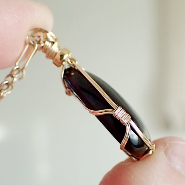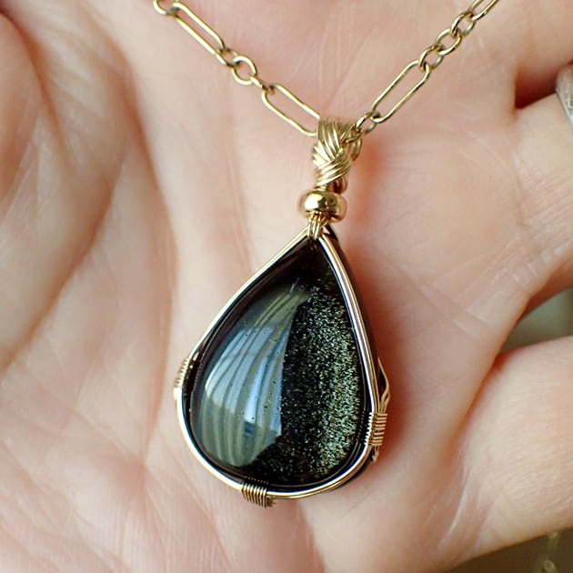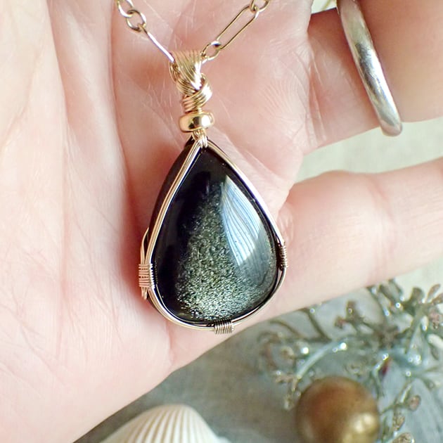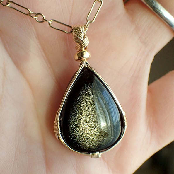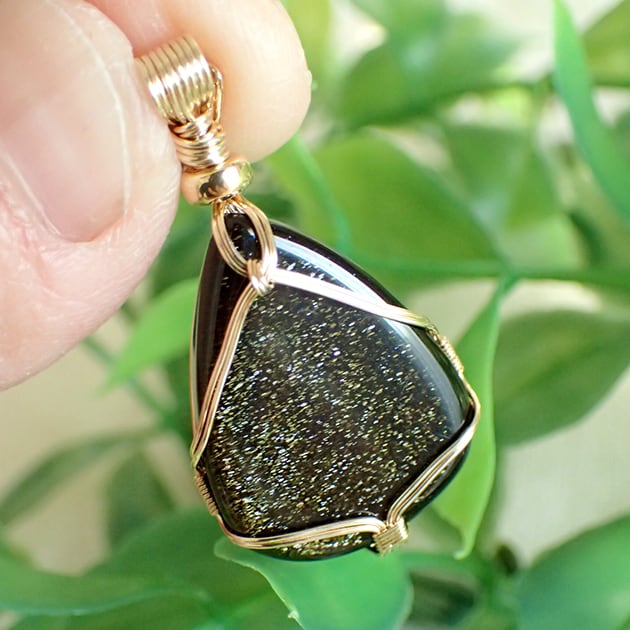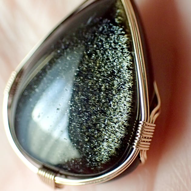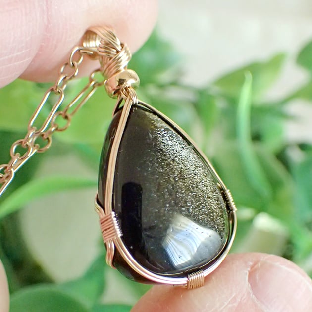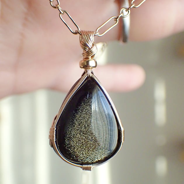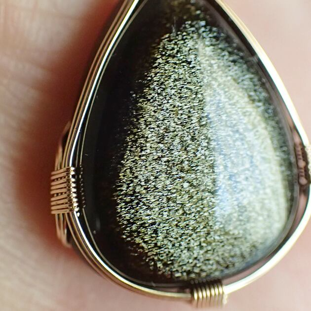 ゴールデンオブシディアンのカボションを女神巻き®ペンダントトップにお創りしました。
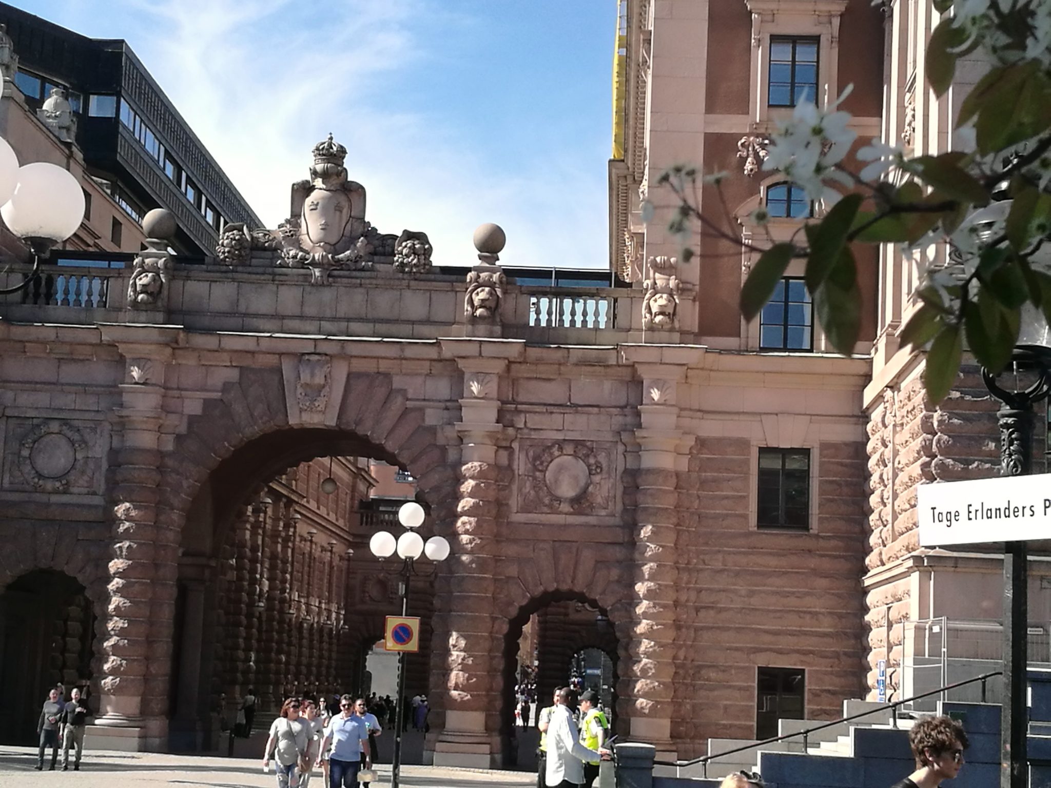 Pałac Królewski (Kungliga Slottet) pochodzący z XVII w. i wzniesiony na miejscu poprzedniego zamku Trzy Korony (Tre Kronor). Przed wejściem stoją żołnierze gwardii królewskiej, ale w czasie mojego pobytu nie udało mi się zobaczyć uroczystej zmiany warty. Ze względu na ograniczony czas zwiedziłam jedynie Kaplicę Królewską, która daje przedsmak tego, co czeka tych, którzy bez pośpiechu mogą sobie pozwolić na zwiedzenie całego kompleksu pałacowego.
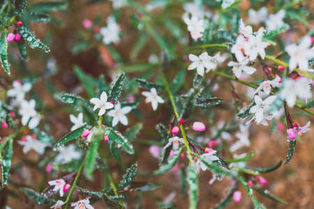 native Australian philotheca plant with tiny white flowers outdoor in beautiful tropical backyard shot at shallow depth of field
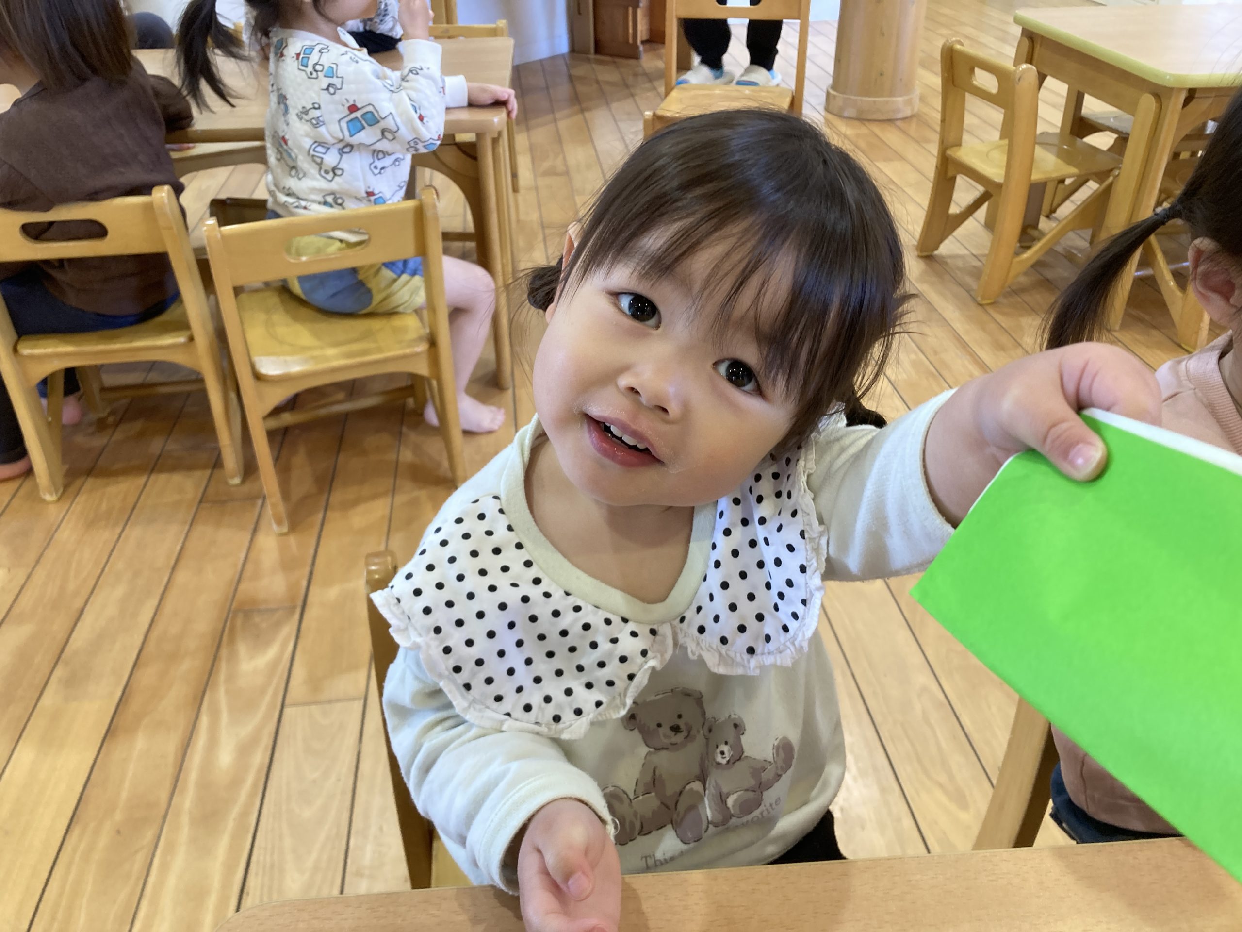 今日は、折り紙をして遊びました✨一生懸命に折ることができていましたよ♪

___

* What needs to be done
When you copy the data, keep every line exact and drop the pictures.

* Reply
 ゴールデンオブシディアンのカボションを女神巻き®ペンダントトップにお創りしました。
 Pałac Królewski (Kungliga Slottet) pochodzący z XVII w. i wzniesiony na miejscu poprzedniego zamku Trzy Korony (Tre Kronor). Przed wejściem stoją żołnierze gwardii królewskiej, ale w czasie mojego pobytu nie udało mi się zobaczyć uroczystej zmiany warty. Ze względu na ograniczony czas zwiedziłam jedynie Kaplicę Królewską, która daje przedsmak tego, co czeka tych, którzy bez pośpiechu mogą sobie pozwolić na zwiedzenie całego kompleksu pałacowego.
 native Australian philotheca plant with tiny white flowers outdoor in beautiful tropical backyard shot at shallow depth of field
 今日は、折り紙をして遊びました✨一生懸命に折ることができていましたよ♪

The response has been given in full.